--- DATASET RECORDS ---

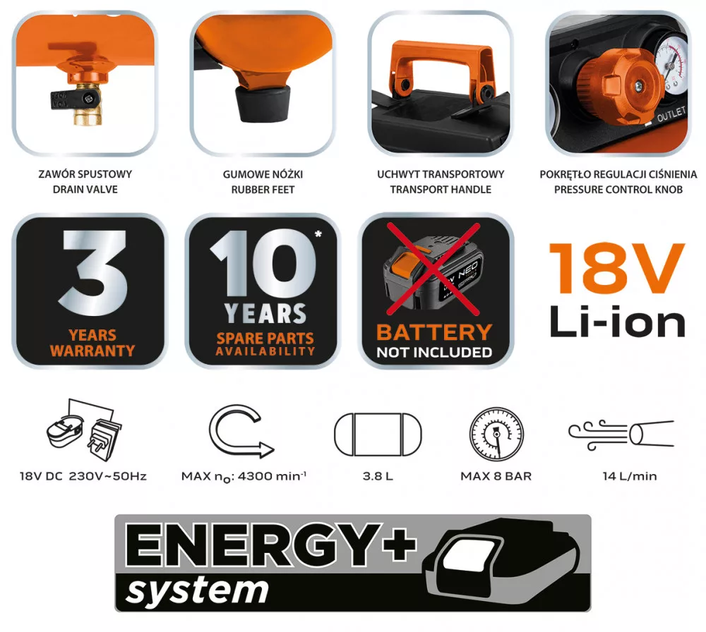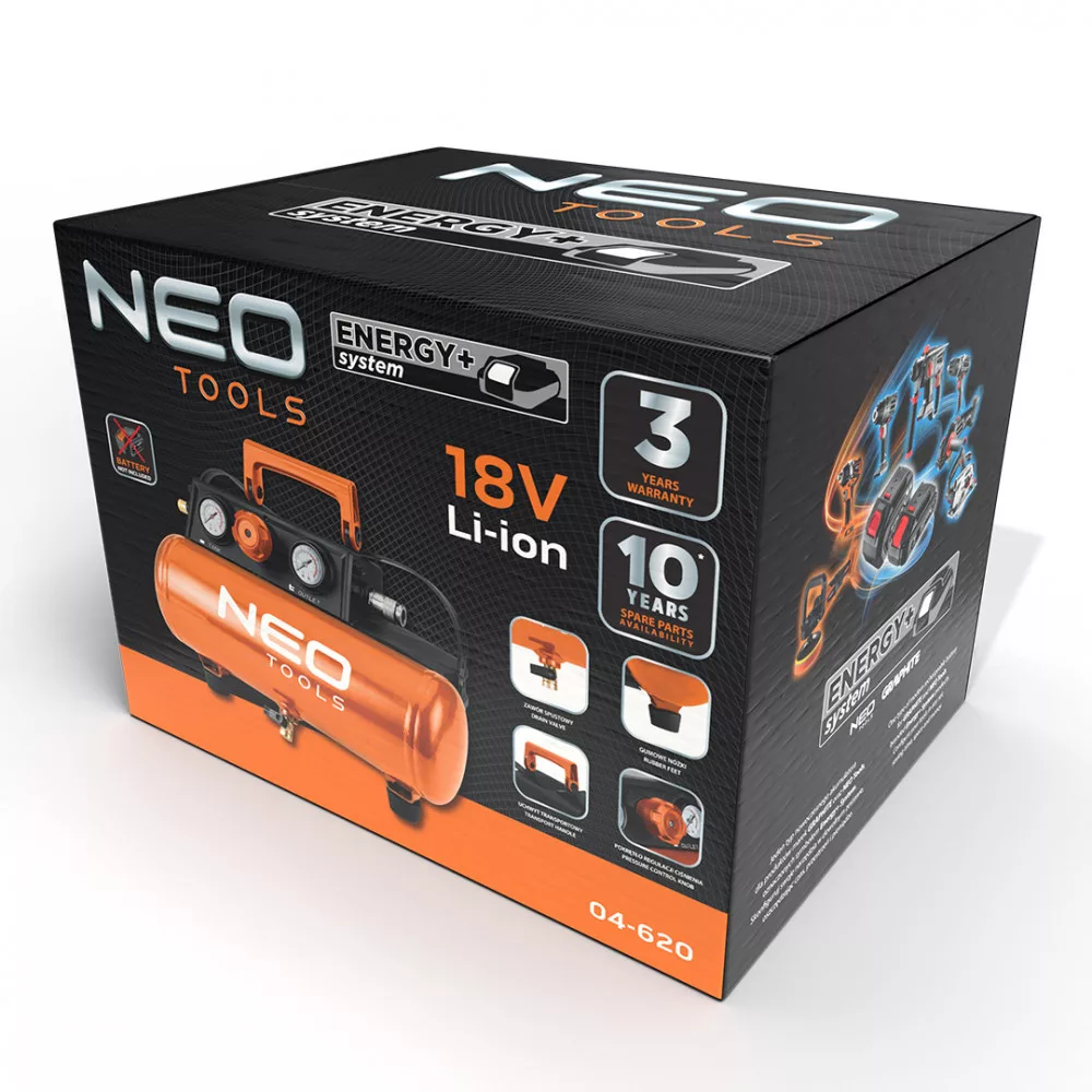 Az Energy+ 18 Voltos, 04-620 cikkszámú akkumulátoros kompresszor a NEO-tól egy olajmentes készülék, amely az Energy+ akkumulátoros rendszerrel működik. Tartálykapacitása 3,8 liter, maximális nyomása 8 bar, teljesítménye pedig 14 liter/perc. A NEO kompresszor szennyeződések lefújásához és kisebb pneumatikus szerszámok működtetéséhez ajánlott. Hasznos lesz autórajongóknak, szerelőknek, csavaros hobbistáknak és otthoni használatra. A készülék üresjárati ideje 2 Ah-s akkumulátorral 10 perc, 4 Ah-s akkumulátorral 20 perc, 6 Ah-s akkumulátorral 30 perc. Számos feladatra ajánlott készülék.
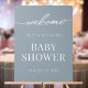 Entwerfen Sie Ihr eigenes personalisiertes Babydusche-Begrüßungsschild mit minimalistisch elegantem Typografie-Design. Fügen Sie Ihre benutzerdefinierten Daten wie Name und Datum hinzu.
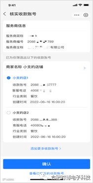 3)选择当前服务商名下的收款账号;注意:只有商户全称与所注册商家名称一致的收款账号smid才能进行授权;
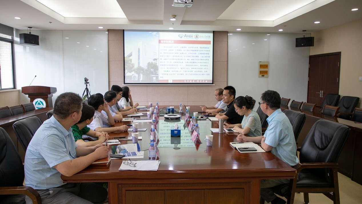 扬州大学公司党委书记孟益宏就公司沿革历程、学科专业体系、团队人才培养建设等基本情况进行了介绍。双方成员围绕学习贯彻习近平新时代中国特色社会主义思想主题教育的特色做法、团队建设思路方法、团队力量提升培养、MBA教学工作、校企合作、课程体系优化等问题进行了深入交流,并着重就一级学科博士点申报、国际认证流程等进行研讨。
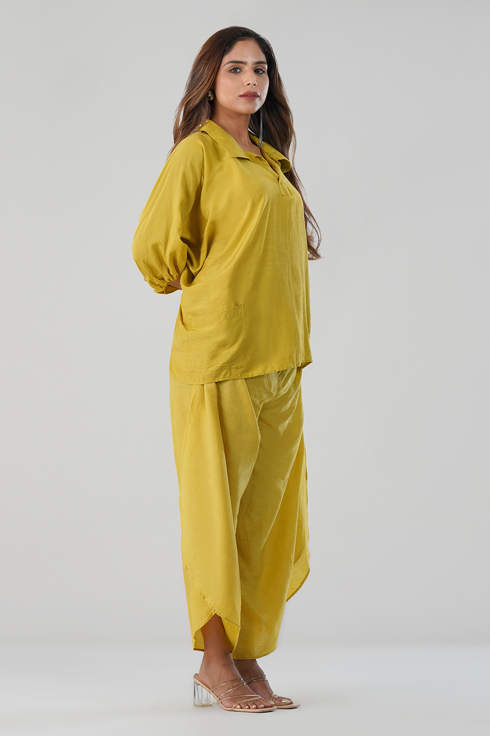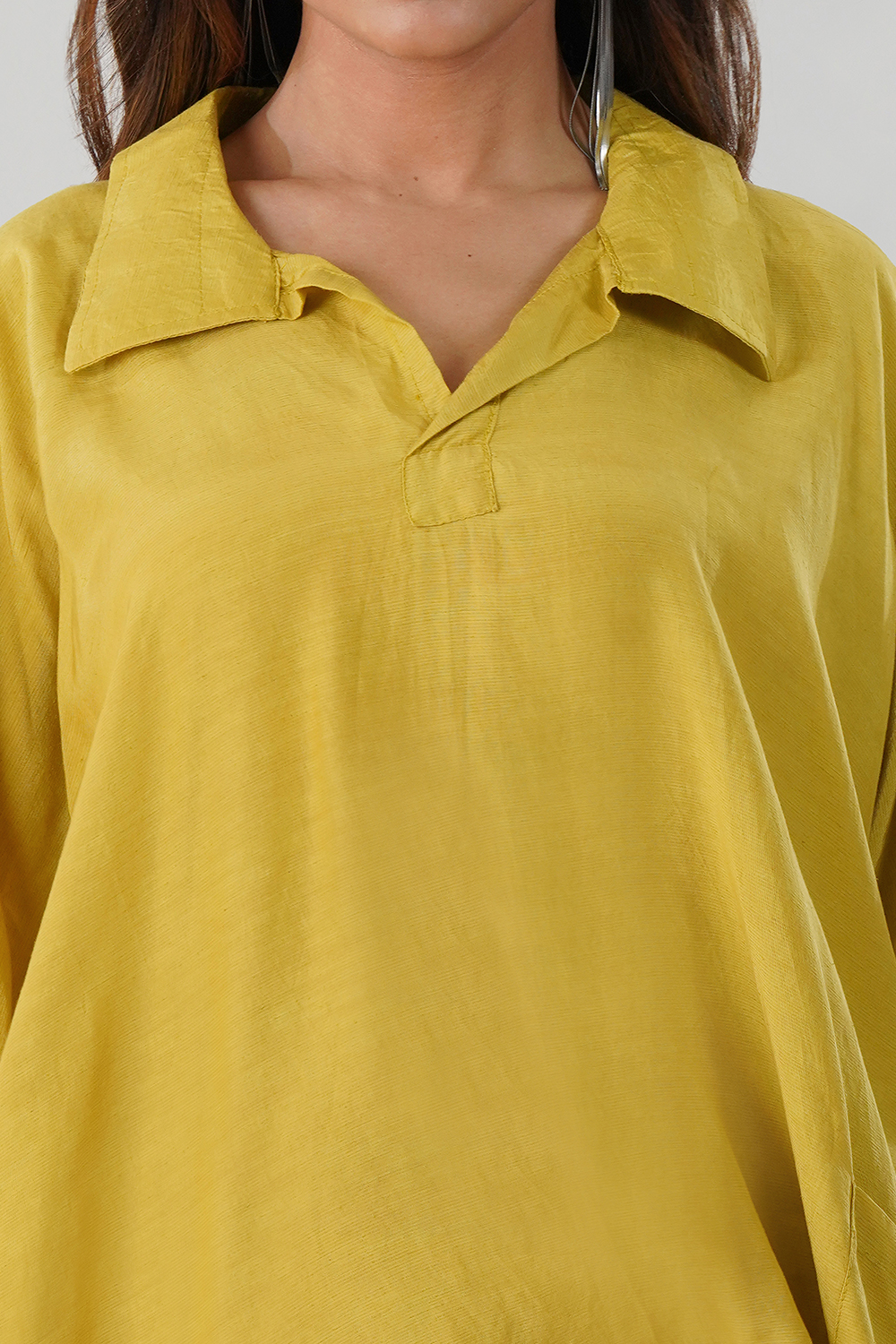 A relaxed, loose-fit top with a soft collar and ¾ puff sleeves for a modern drape
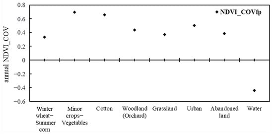 Annual variation coefficient of NDVI time-series profile (NDVI_COVannual) corresponding to each land cover type.
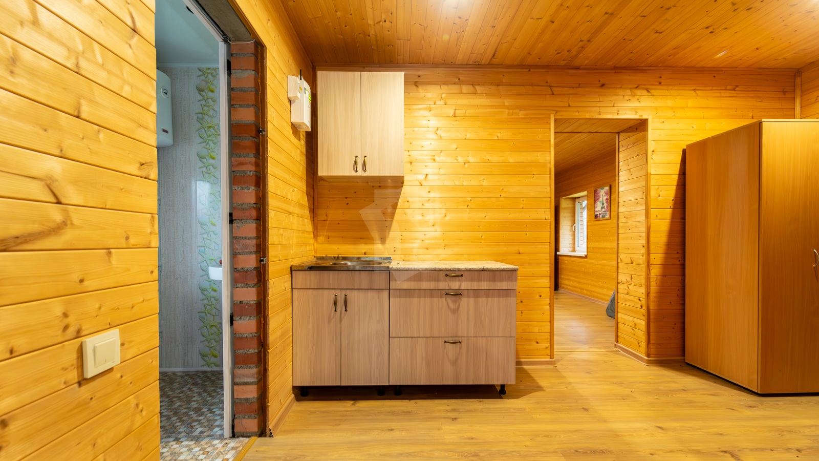 В доме остаётся сантехника, бойлер, шкафы, кухня, стол, спутниковая антенна НТВ+. Микроволновка и новенький холодильник – по договорённости.

---

- **TASK DESCRIPTION**:
Please print the entries shown above again, exactly, and skip the pictures.

- **ANSWER TO THE PROBLEM**:
 Az Energy+ 18 Voltos, 04-620 cikkszámú akkumulátoros kompresszor a NEO-tól egy olajmentes készülék, amely az Energy+ akkumulátoros rendszerrel működik. Tartálykapacitása 3,8 liter, maximális nyomása 8 bar, teljesítménye pedig 14 liter/perc. A NEO kompresszor szennyeződések lefújásához és kisebb pneumatikus szerszámok működtetéséhez ajánlott. Hasznos lesz autórajongóknak, szerelőknek, csavaros hobbistáknak és otthoni használatra. A készülék üresjárati ideje 2 Ah-s akkumulátorral 10 perc, 4 Ah-s akkumulátorral 20 perc, 6 Ah-s akkumulátorral 30 perc. Számos feladatra ajánlott készülék.
 Entwerfen Sie Ihr eigenes personalisiertes Babydusche-Begrüßungsschild mit minimalistisch elegantem Typografie-Design. Fügen Sie Ihre benutzerdefinierten Daten wie Name und Datum hinzu.
 3)选择当前服务商名下的收款账号;注意:只有商户全称与所注册商家名称一致的收款账号smid才能进行授权;
 扬州大学公司党委书记孟益宏就公司沿革历程、学科专业体系、团队人才培养建设等基本情况进行了介绍。双方成员围绕学习贯彻习近平新时代中国特色社会主义思想主题教育的特色做法、团队建设思路方法、团队力量提升培养、MBA教学工作、校企合作、课程体系优化等问题进行了深入交流,并着重就一级学科博士点申报、国际认证流程等进行研讨。
 A relaxed, loose-fit top with a soft collar and ¾ puff sleeves for a modern drape
 Annual variation coefficient of NDVI time-series profile (NDVI_COVannual) corresponding to each land cover type.
 В доме остаётся сантехника, бойлер, шкафы, кухня, стол, спутниковая антенна НТВ+. Микроволновка и новенький холодильник – по договорённости.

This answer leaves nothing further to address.